Mes 7 erreurs de débutante en écriture

Récemment j’ai envoyé La Muse aphone, mon premier roman, en quête d’une maison d’édition (j’ai d’ailleurs reçu mon premier refus depuis^^).

Si j’ai décidé de l’envoyer, même s’il s’agit de mon tout premier roman, c’est que je considère avoir suffisamment progressé pendant les 8 années qu’il m’a fallu pour l’écrire (ou en tout cas 4 ans de travail sérieux).

Et pour vous le prouver (ou me le prouver à moi-même), je vais vous parler de mes erreurs de débutante. Ces erreurs, il m’a fallu du temps pour être d’abord capable de les repérer, et ensuite pour les corriger (et je vais vous expliquer ce qui m’a aidée^^). Ce n’est donc pas une liste complète d’erreurs classiques que font les débutant.e.s en écriture, mais une liste de mes propres erreurs d’autrice que je sais ne pas avoir été la seule à faire…

Erreurs d'auteur débutant

Erreur 1 : une typographie à la rue

On commence doucement, avec une erreur bénigne. La typographie m’a vraiment posé problème. Ou plutôt ma typographie était à côté de la plaque et je ne le voyais pas. Je me suis rendu compte que je n’utilisais pas les bons tirets une fois bien avancée dans mes révisions. Comme j’écris sous Scrivener, mes guillemets étaient anglais, je n’avais pas la moindre trace d’espace insécable, etc. En soi, ce n’est pas dramatique, parce que (à part si vous auto-publiez) la présentation du livre final n’est pas de votre ressort. Mais ça vous dénonce clairement comme auteur ou autrice débutant.e.

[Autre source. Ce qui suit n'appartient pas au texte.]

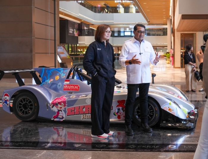 JAKARTA, ITN – Menteri Ekonomi Kreatif (Ekraf), Teuku Riefky Harsya, dan Wakil Menteri (Wamen) Ekraf, Irene Umar, menghadiri acara showcase mobil balap yang ditampilkan kepada publik di lobi Autograph Tower, Jakarta, Selasa, 17 Juni 2025. Kegiatan ini merupakan tindak lanjut dari upaya Kementerian Ekraf dalam memperkuat kolaborasi para kreator lokal yang dilahirkan dari kompetisi livery design JFF 2025 X Sekuya serta kurasi 13 IP Ekraf Hunt.

Parce que même en ne sachant pas ce que j’avais fait de travers, je voyais bien que mon manuscrit ne « faisait pas livre », pas pro.

Quand j’ai enfin changé mes tirets du 6 par des vrais beaux cadratins, mon roman a instantanément eu l’air d’un vrai roman, et c’était super agréable (tellement agréable que j’ai écrit un article sur le sujet^^). Avoir une typographie et présentation correcte, c’est une question de confort pour vous et pour vos bêta-lecteurices. Par contre, si vous auto-publiez, c’est une vraie nécessité. Votre lectorat ne saura pas forcément qu’il faut utiliser un tiret cadratin, par contre il saura dire qu’il y a un truc qui cloche dans votre livre.

Ce que j’ai fait pour corriger :

Pour commencer, pas mal de recherches sur la typographie et d’autres règles liées à la présentation. En particulier, je me suis penchée sur la présentation des dialogues, et c’est ce qui a fait la plus grosse différence sur mon manuscrit. Et une fois les erreurs identifiées, j’ai corrigé tout ce que j’ai pu. La fonction « rechercher/remplacer » m’a beaucoup aidée dans certains cas, mais pour d’autres, j’ai dû reparcourir tout mon manuscrit à la main et remplacer mes guillemets anglais par des guillemets français, avec les espaces insécables qui vont bien… J’avoue aussi ne pas avoir tout appliqué à la lettre (par exemple, je ne suis pas allée mettre des espaces insécables entre les chiffres et les noms partout dans mon roman). J’ai considéré que l’investissement en temps ne valait pas la chandelle, en tant qu’autrice choisissant de publier à travers une maison d’édition. Je voulais que mon manuscrit fasse « pro » et soit agréable à lire, mais la maison d’édition aura des personnes qualifiées pour gérer la mise en page.

Erreur 2 : un cadre narratif capricieux 

J’ai commencé à écrire avec un cadre narratif particulier : mon héros racontait sa vie sur papier parce que son psy le lui avait demandé. Il écrivait une sorte de biographie et s’adressait souvent à ses lecteurs potentiels. Et comme il racontait sa vie, il le faisait au passé. Mais j’écrivais une partie des scènes au présent, parce que c’est ce qui me paraissait le plus naturel sur le moment, lorsque je passais de l’aspect « biographie » à sa vie courante. Il m’arrivait aussi d’avoir mon héros qui racontait au passé le début de sa journée puis basculait dans le présent ensuite. Entre les changements de temps et les adresses au lecteur, c’était un peu le bazar…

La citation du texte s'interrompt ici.